Latino-sophie cossette

I’m in love with Latino culture! I may be guilty of gross generalization, but what the hell: the food’s spicy, the booze is the strongest, the woman are hot, and the men… Full of testosterone-fueled machismo, they emit the aroma of ‘bravada’ and remind me where my G-spot’s located! So, if you watch a movie from a Latino country and you don’t mind subtitles, you just might be in for a thrill-a-minute ride of wild sex, violence, colorful décor, and sexy actors. And if the script and director/producer are a little loco: ay caramba!! It’s gonna be one el sinematico experience!!
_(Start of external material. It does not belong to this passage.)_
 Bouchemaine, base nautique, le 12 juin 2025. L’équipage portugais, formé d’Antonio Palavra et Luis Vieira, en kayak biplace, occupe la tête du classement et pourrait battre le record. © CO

The filmmakers who I feel capture contemporary Latino culture at its best include Bigas Luna (‘Jamón, jamón’), Alejandro González Iñárritu (‘Amores perros’), Robert Rodriguez (‘El Mariachi’), Alfonso Cuarón (‘Y Tu Mamá También’), Jaume Balagueró (‘REC’), Miguel Martí (‘Sexykiller, morirás por ella’)  and Álex de la Iglesia (‘Acción mutante’). But the one I want to focus on today is this Spanish fellow.
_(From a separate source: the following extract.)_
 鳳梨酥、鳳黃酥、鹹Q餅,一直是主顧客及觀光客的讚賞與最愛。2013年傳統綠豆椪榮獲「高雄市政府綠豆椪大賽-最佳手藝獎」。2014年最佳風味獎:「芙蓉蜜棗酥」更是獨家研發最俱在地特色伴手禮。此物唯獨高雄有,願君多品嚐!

Pedro Almadovar-Sophie Cossette

Pedro Almodóvar’s vision is highly original, and his narrative and filming styles are extremely distinctive and entertaining. His movies are like a potent mixture of Rainer Werner Fassbinder (‘Satan’s Brew’), Douglas Sirk (‘Imitation of Life’), and Joseph Losey (‘Boom!’) with a dash of John Waters (‘Desperate Living’) thrown into the shaker. After you pour that cuckoo cocktail into your glass and drink it up, you get the unforgettable taste of over-the-top transvestites, bondage sex, impossible bisexual love triangles, topsy-turvy tales of betrayal, and uncontrollable histrionic woman wreaking havoc! Not to mention Almadóvar’s delirious sense of humor. I love his art and it’s hard for me to understand how someone couldn’t really get into his mad, mad, mad world of sweet sickness. For me, it’s simply a pure pleasure for my gray matter.
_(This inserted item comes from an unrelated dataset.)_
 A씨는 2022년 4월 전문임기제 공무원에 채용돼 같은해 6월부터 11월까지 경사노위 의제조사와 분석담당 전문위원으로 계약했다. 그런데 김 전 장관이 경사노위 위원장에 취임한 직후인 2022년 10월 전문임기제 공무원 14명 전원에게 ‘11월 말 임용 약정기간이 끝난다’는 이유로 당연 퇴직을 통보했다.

I certainly wanted to write and illustrate a story about Pedro Almodóvar for my book, Sinemania! After doing some research on him, rather than drawing a biographical tale on the director, I came up with the idea of doing a ‘fumetti’ (or photo-novella) depicting his unique sensibility, while adding my own moralistic take on the superficiality of the media’s obsession with celebrity and the bizarre shallow values of today’s society.

Why a fummeti? Well, it just made sense to me. You see, when Pedro was a young lad, he was a creator of fumettis. Plus, not understanding the beautiful Spanish language, I have to look at his movies while reading subtitles. (There’s no way I’m gonna see them dubbed!) And so, I figured that my story on Almodóvar should also have subtitles in order to capture the feeling of watching one of his movies.

But, alas, as I discovered to my dismay, copyright law is a bitch!! It would have been far too much of a hassle and an expense to include my fumetti in the book. No big loss, though, since I’m now throwing it onto this blog for you to enjoy at no cost!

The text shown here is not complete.